Output all of the data exactly as it appears, but leave out any pictures it contains.
Top of INPUT
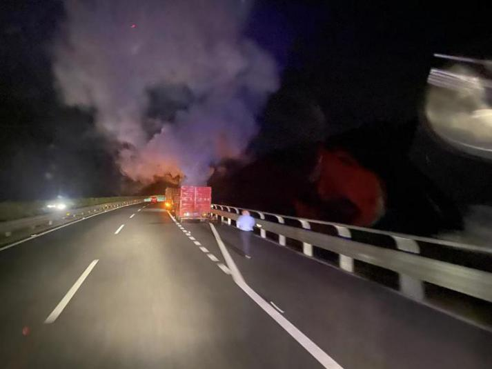 10 月 10 日 18 時(shí) 19 分,高建養(yǎng)護(hù)公司拿口養(yǎng)護(hù)站接到 12122 高速監(jiān)控中心電話(huà),告知寧光線(xiàn) AK146 位置有一輛貨車(chē)起火,情況十分緊急,需進(jìn)行搶險(xiǎn)支援。接到險(xiǎn)情命令后,黃賢興副站長(zhǎng)立即組織站里員工周宜清、姜威,第一時(shí)間駕駛水車(chē)趕赴現(xiàn)場(chǎng),積極配合交警、消防等部門(mén)做好交通現(xiàn)場(chǎng)安全布控工作,并出動(dòng)水車(chē)協(xié)助消防人員進(jìn)行滅火施救。經(jīng)過(guò)近2個(gè)小時(shí)的搶險(xiǎn)救援,事故處理完畢,該車(chē)道恢復(fù)正常通行。
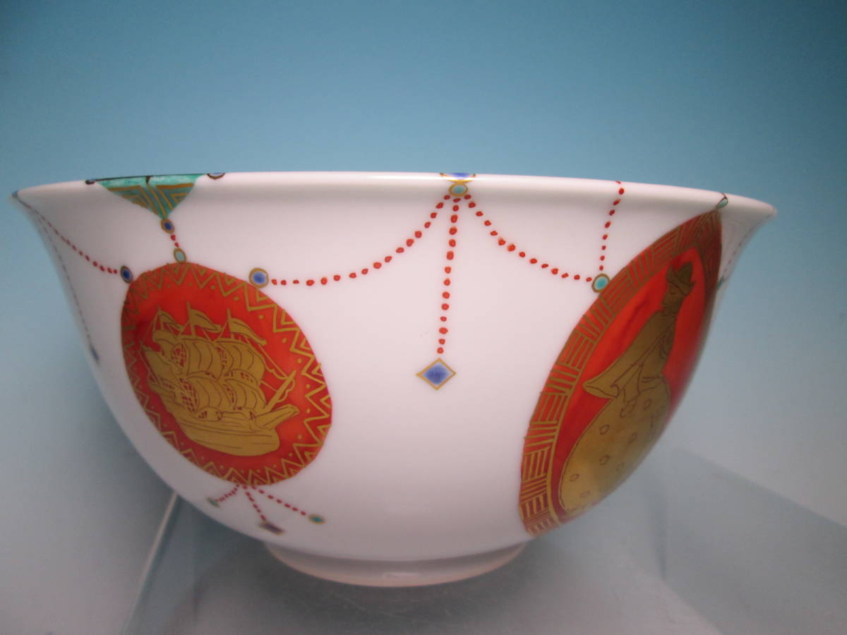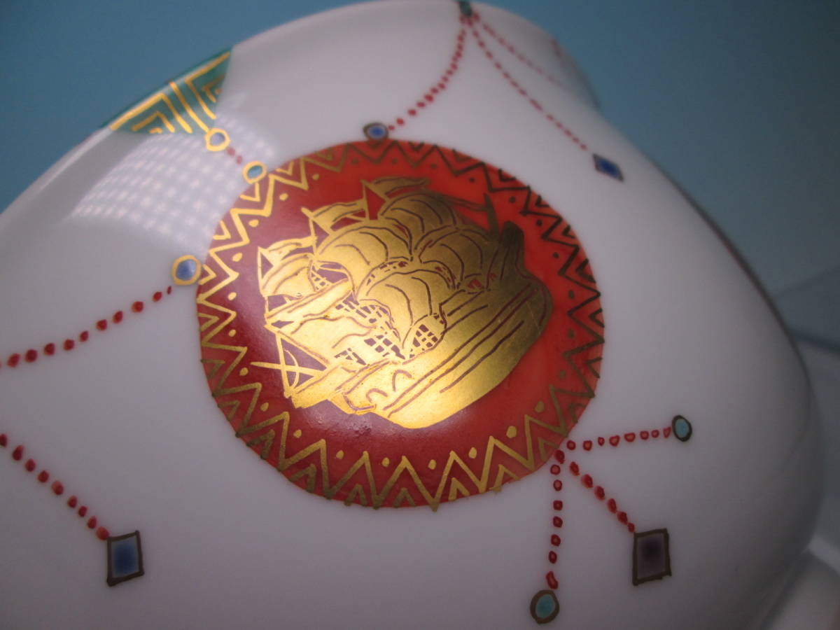 金彩に赤、ブルー、グリーンの美しい絵付けです。
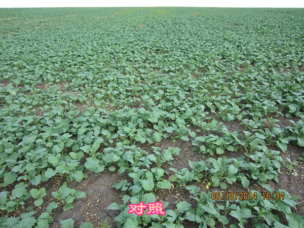 北方春油菜種植地區(qū)5月份普遍風(fēng)大,降雨偏少,土壤濕度不夠,經(jīng)常出現(xiàn)出苗少,苗不齊,抗旱能力較差的情況,嚴(yán)重年分苗子缺水死亡,經(jīng)多年綜合實(shí)驗(yàn)效果,利用皓達(dá)拌種能夠有效緩解這些情況。經(jīng)過(guò)皓達(dá)處理,苗期根系發(fā)達(dá),吸水能力強(qiáng),出苗整齊。(5月9日播種)
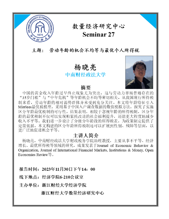 杨晓亮,中南财经政法大学财政税务公司助理教授,主要从事不平等、经济增长、最优所得税等领域的研究,成果发表于Journal of Economic Behavior & Organization, Journal of International Financial Markets, Institutions & Money, Open Economies Review等。
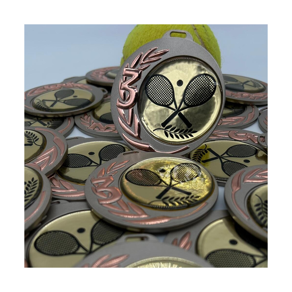 Visuel : Branche de Laurier avec numéro 1 (Or), 2 (Argent) et 3 (Bronze) / centre raquette de tennis sur fond doré.
Bottom of INPUT
▶ OUTPUT BELOW
 10 月 10 日 18 時(shí) 19 分,高建養(yǎng)護(hù)公司拿口養(yǎng)護(hù)站接到 12122 高速監(jiān)控中心電話(huà),告知寧光線(xiàn) AK146 位置有一輛貨車(chē)起火,情況十分緊急,需進(jìn)行搶險(xiǎn)支援。接到險(xiǎn)情命令后,黃賢興副站長(zhǎng)立即組織站里員工周宜清、姜威,第一時(shí)間駕駛水車(chē)趕赴現(xiàn)場(chǎng),積極配合交警、消防等部門(mén)做好交通現(xiàn)場(chǎng)安全布控工作,并出動(dòng)水車(chē)協(xié)助消防人員進(jìn)行滅火施救。經(jīng)過(guò)近2個(gè)小時(shí)的搶險(xiǎn)救援,事故處理完畢,該車(chē)道恢復(fù)正常通行。
 金彩に赤、ブルー、グリーンの美しい絵付けです。
 北方春油菜種植地區(qū)5月份普遍風(fēng)大,降雨偏少,土壤濕度不夠,經(jīng)常出現(xiàn)出苗少,苗不齊,抗旱能力較差的情況,嚴(yán)重年分苗子缺水死亡,經(jīng)多年綜合實(shí)驗(yàn)效果,利用皓達(dá)拌種能夠有效緩解這些情況。經(jīng)過(guò)皓達(dá)處理,苗期根系發(fā)達(dá),吸水能力強(qiáng),出苗整齊。(5月9日播種)
 杨晓亮,中南财经政法大学财政税务公司助理教授,主要从事不平等、经济增长、最优所得税等领域的研究,成果发表于Journal of Economic Behavior & Organization, Journal of International Financial Markets, Institutions & Money, Open Economies Review等。
 Visuel : Branche de Laurier avec numéro 1 (Or), 2 (Argent) et 3 (Bronze) / centre raquette de tennis sur fond doré.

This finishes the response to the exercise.